The USDA is prevented by statute from creating a subsidy program, potentially costing $1 billion a year, for cottonseed, Agriculture Secretary Tom Vilsack said in an essay in Farm Journal. Congress, he says, needs to change the law. “Knowing that our tools to provide assistance have been severely limited, I have asked Congress to examine the appropriations language to see if they could grant USDA flexibility through legislative action,” wrote Vilsack.
It was the second time in three weeks that Vilsack has returned the question to Congress. House Agriculture chairman Michael Conaway of Texas, the No. 1 cotton state, insisted earlier this month that the USDA has the discretion to act on its own.

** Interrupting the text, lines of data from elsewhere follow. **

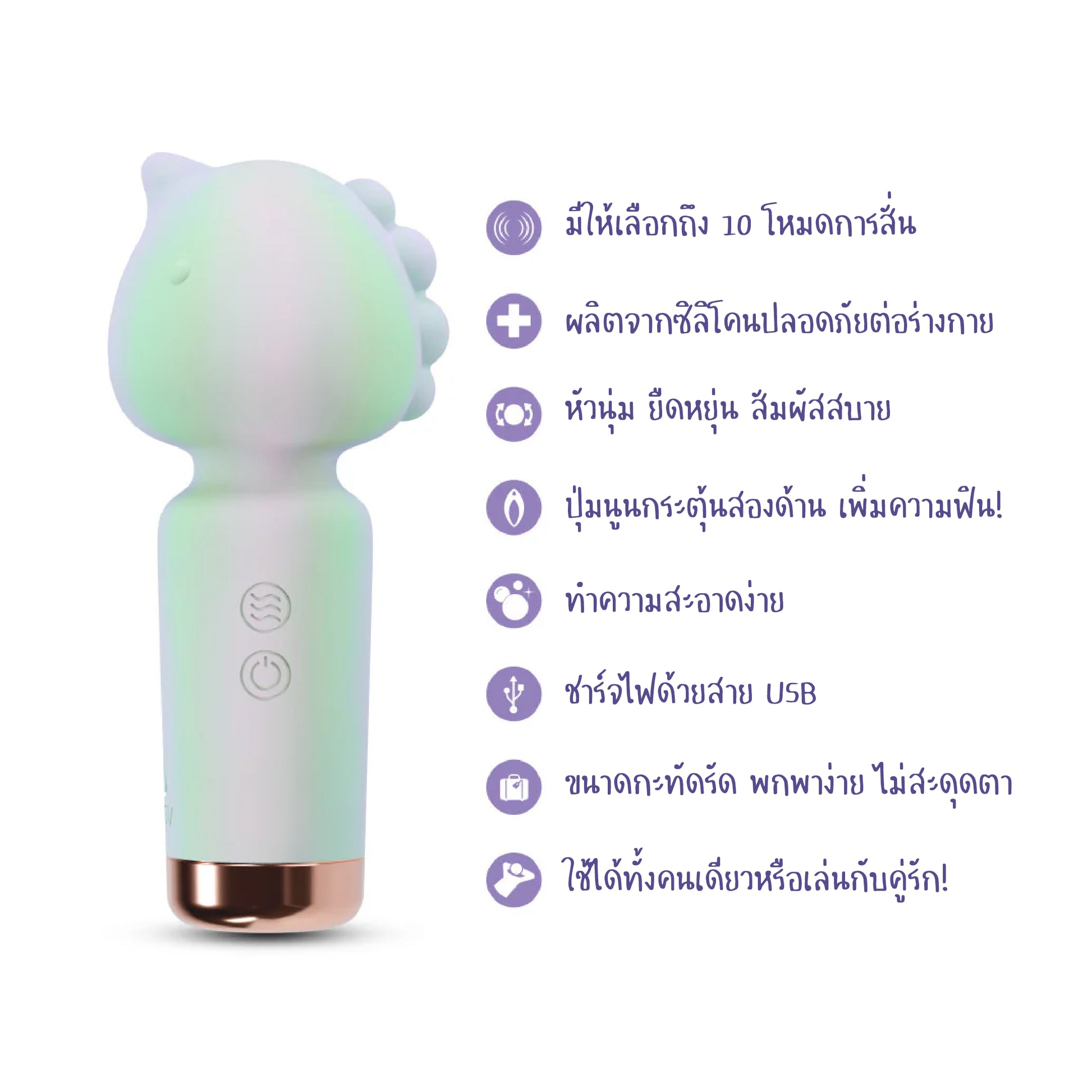 - 10 โหมดสั่น (3 ระดับความแรง และ 7 รูปแบบจังหวะ)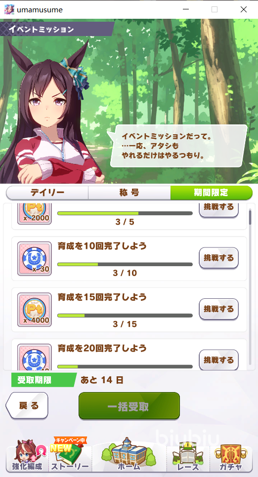 樂(lè)鳴晚秋活動(dòng)的限定任務(wù)同樣可以為我們帶來(lái)非常豐厚的PT點(diǎn)數(shù)獎(jiǎng)勵(lì),不過(guò)這些任務(wù)有一個(gè)非常麻煩的地方,那就是它們都是日文,很多小伙本可能會(huì)因?yàn)檎Z(yǔ)言不通的原因看不懂。不過(guò)不用擔(dān)心,根據(jù)小編的測(cè)試來(lái)看這些任務(wù)大部分都是累計(jì)型任務(wù),只要培育次數(shù)夠多就可以自動(dòng)完成。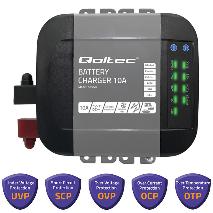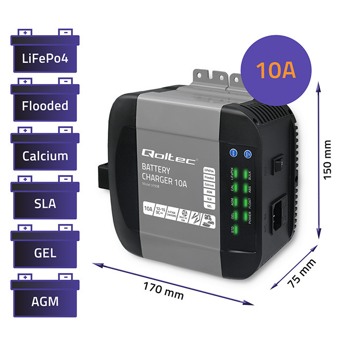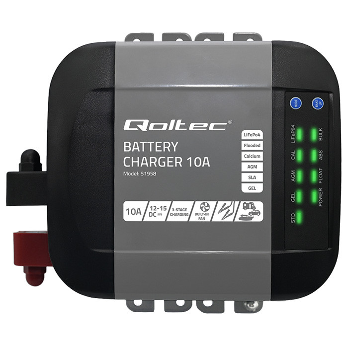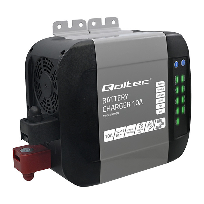 Qoltec Inteligentna ładowarka Monolith do akumulatorów LiFePO4 AGM GEL SLA | 10A | 12V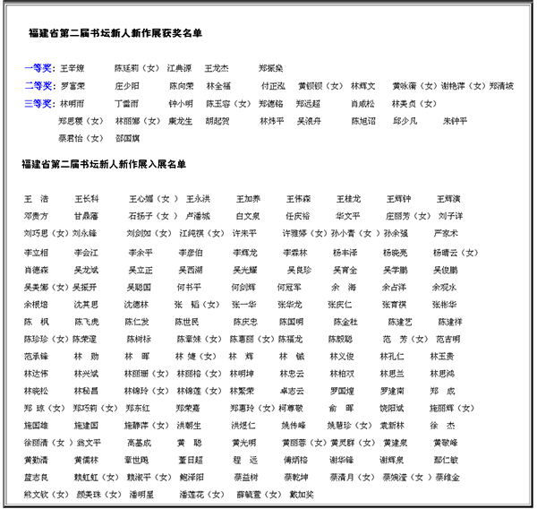 由福建省书法家协会主办的福建省书坛新人新作展的获奖名单于近日公布。福建省书坛新人新作展是我省专业性的书法展览之一。它是发现奖励书坛新人新作、培养和挖掘书法新人、展示书坛新人艺术风貌,同时也是我省书法爱好者加入福建书协的重要平台,对推动我省书法事业的繁荣发展具有重要意义。

Faced with a global cotton glut and the lowest market price since 2009, the cotton industry made a novel proposal at the end of 2015. Backed by roughly 120 representative and senators, it asked the USDA to designate cottonseed as an “other oilseed” eligible for the same subsidies given to grain and soybean growers. Cotton lint, the longtime member of the farm program, would remain eligible for subsidies. The 2014 farm law remodeled the cotton program so the fiber is covered by a revenue insurance policy and a so-called marketing loan that guarantees a minimum price. Participation in the new program, called STAX, has been paltry — about one-fifth of cotton plantings last year.
In the op-ed, Vilsack said the 2014 farm law “expressly removed eligibility of cotton for such payments” because Congress severed cotton’s ties with the traditional farm program when it created STAX.
Traditionally, cottonseed is a minor source of revenue for growers compared to the more-valuable cotton fiber. Cottoneed is used in livestock rations and in food and industrial products.